Viewing like an updated version Francois Truffaut's Small Change (L'Argent de pouche, 1976), Jacques Doillon's Petits Freres (1999) shows the lives of street children in the French suburban projects where poverty reigns over the ethnic population. The title though literally translated "little boys" in the popular vernacular means "kids" inclusive of girls.
Talia, a thirteen year old girl from a white neighborhood, has a dangerous stepfather, so she takes to the streets & tries to track down a friend in the projects so she can stay at his apartment. She ends up in a crowded apartment with a lot of French African kids & teens, where she is relatively safe, but awfully worried about her younger sister who is her stepfather's real daughter, though Talia is sure he cannot be trusted even with his own blood child.
She takes her dog Kim with her when she runs away. Kim's a friendly pitbull that is promptly stolen. So Talia gets a handgun for protection & spends the next week trying to find her beloved Kim, assisted by Ilies, a moslem boy who is courting her & protecting her & would seem a pretty nice friend, except that he conspired with other boys to steal Kim in the first place.

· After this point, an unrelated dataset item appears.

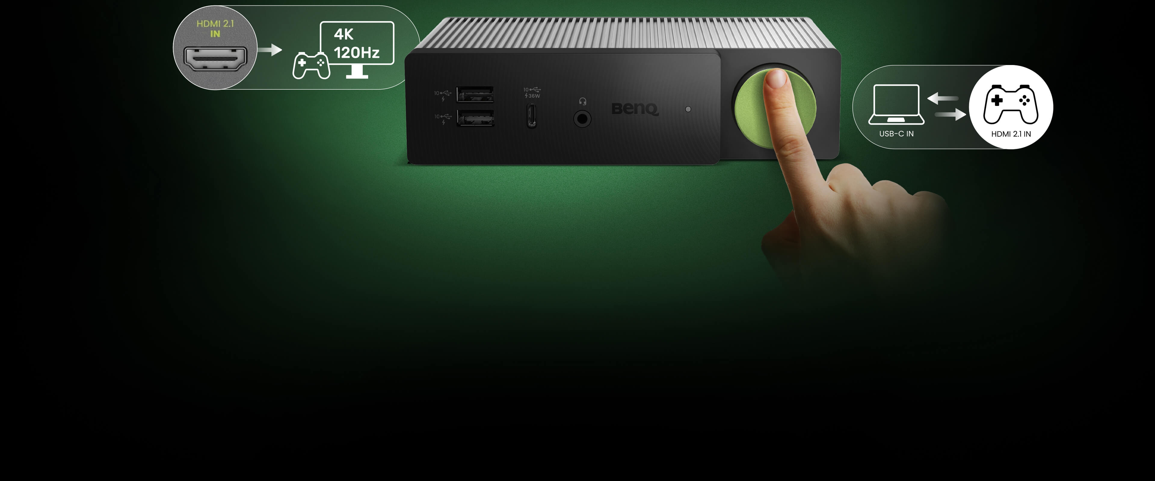 One click switches from USB-C for work to HDMI 2.1 for gaming, enhancing play with superior visuals.

Belatedly touched by guilt, Ilies tries to get the pitbull back from the older kids who are using the dog in dog fights. But they have no intention of letting go of the dog until it has been too badly injured to put in more fights.
No adult point of view ever intrudes upon the film. There's no plot to speak of, just a couple of excuses on which hinge a number of adventures & experiences. Because we never break out of the kids' point of view, we are able to see the joy of their impoverished, often dangerous lives, because children everywhere manage to create their own world & community no matter the conditions.
The kid actors do a wonderfully credible job, only occasionally grinning into the camera. They make the script believable despite its thinness. Doillon's tendency to romanticize hides more truth than it reveals & is not entirely winning, but the film does reward patience.
Since Doillon's film so begs to be compared to Truffaut, Petits Freres is fun to imagine on a doublebill with Small Change, although Doillon's excellence is less apparent when stacked beside the best.
Small Change focuses mainly on a group of small town children. Truffaut shows the de facto heroism of children rich or poor, where adults are mainly disruptive & emotionally harmful.
A little girl dressed for a special event wants to take her stuffed-animal purse instead of the purse that matches her outfit. So her father loses his temper & destroys her favorite possession. An infant crawls to a balcony & falls to certain death, but is unhurt because children somehow manage to survive in this unsurvivable world.
A kid who thinks his own life is tough befriends Julien & learns how much worse life can be. A preadolescent boy gets his first major crush.
There is no plot & only a few story threads, but it's an amazing film experience that balances childhood's parade of little horrors with childhood's joys & falls finally to the side of joy.